Protocol stacks
A protocol stack translates one session interface to another (or the same) session interface. For example, a terminal component may provide a command-line application with a service for obtaining textual user input and for printing text. To implement this service, the terminal uses an input session and a framebuffer session. Figure 1 depicts the relationship between the terminal, its client application, and the used drivers. For realizing the output of a stream of characters on screen, it implements a parser for escape sequences, maintains a state machine for the virtual terminal, and renders the pixel representation of characters onto the framebuffer. For the provisioning of textual user input, it responds to key presses reported by the input session, maintains the state of modifier keys, and applies a keyboard layout to the stream of incoming events. When viewed from the outside of the component, the terminal translates a terminal session to a framebuffer session as well as an input session.

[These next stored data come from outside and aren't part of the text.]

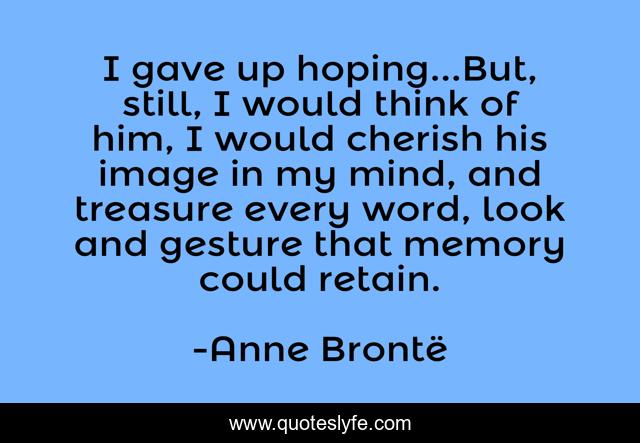 This page presents the quote "I gave up hoping...But, still, I would think of him, I would cherish his image in my mind, and treasure every word, look and gesture that memory could retain.". Author of this quote is Anne Brontë. This quote is about longing, love, affection,.
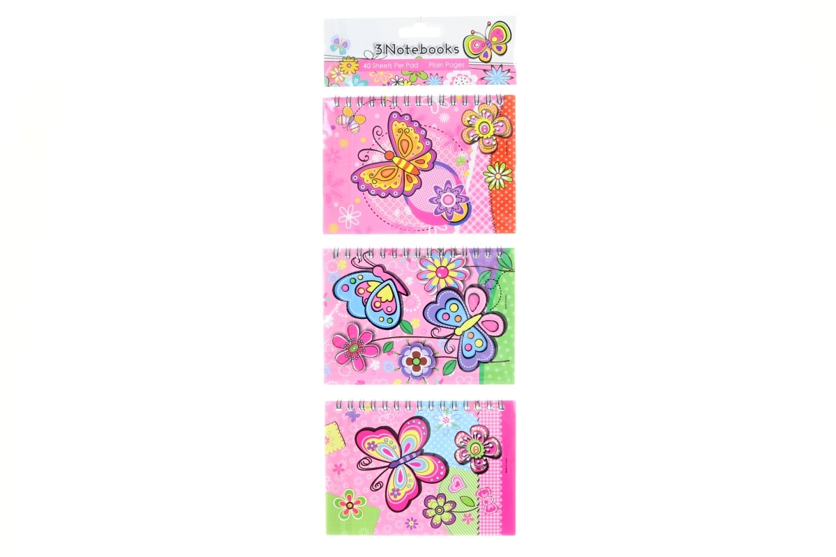 Stylowy zestaw trzech notatników z subtelnym motywem motyli ucieszy miłośników pisania i organizacji. Każdy notatnik ma kolorowe, liniowane kartki dla przejrzystych notatek oraz kompaktowe wymiary 10 × 14,5 cm, dzięki czemu zmieści się do torebki i plecaka. Praktyczne opakowanie idealnie sprawdzi się jako zestaw prezentowy lub do użytku własnego.
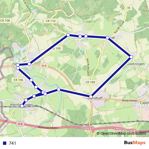 The first stop of the 741 bus route is Kleinbettingen, Gare routière and the last stop is Kleinbettingen, Gare routière. 741 is operational during everyday.
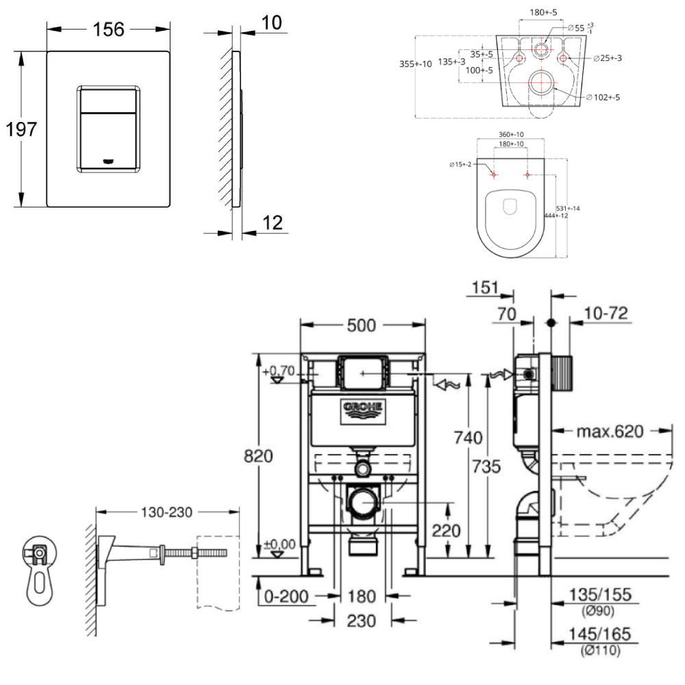 Grohe Toilet Pack Grohe 0.82 m Rapid SL Frame + Brevis Rimless Toilet + Brushed Hard Graphite Flush Plate (RapidSLBrevis-AL0-82)
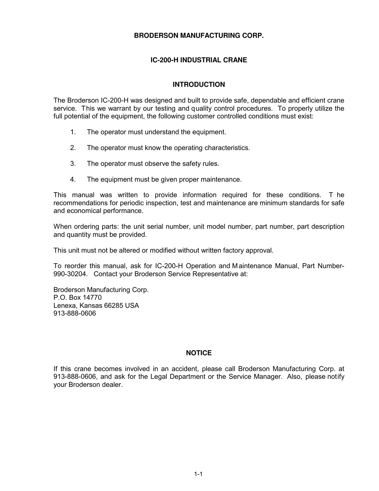 990-30204. Contact your Broderson Service Representative at:

Similar to a device driver, a protocol stack typically serves a single client. In contrast to device drivers, however, protocol stacks are not bound to physical devices. Therefore, a protocol stack can be instantiated any number of times. For example, if multiple terminals are needed, one terminal component could be instantiated per terminal. Because each terminal uses an independent instance of the protocol stack, a bug in the protocol stack of one terminal does not affect any other terminal. However complex the implementation of the protocol stack may be, it is not prone to leaking information to another terminal because it is connected to a single client only. The leakage of information is constrained to interfaces used by the individual instance. Hence, in cases like this, the protocol-stack component is suitable for hosting highly complex untrusted code if such code cannot be avoided.
Note that the example above cannot be generalized for all protocol stacks. There are protocol stacks that are critical for the confidentiality of information. For example, an in-band encryption component may translate plain-text network traffic to encrypted network traffic designated to be transported over a public network. Even though the component is a protocol stack, it may still be prone to leaking unencrypted information to the public network.
Whereas protocol stacks are not necessarily critical for integrity and confidentiality, they are almost universally critical for availability.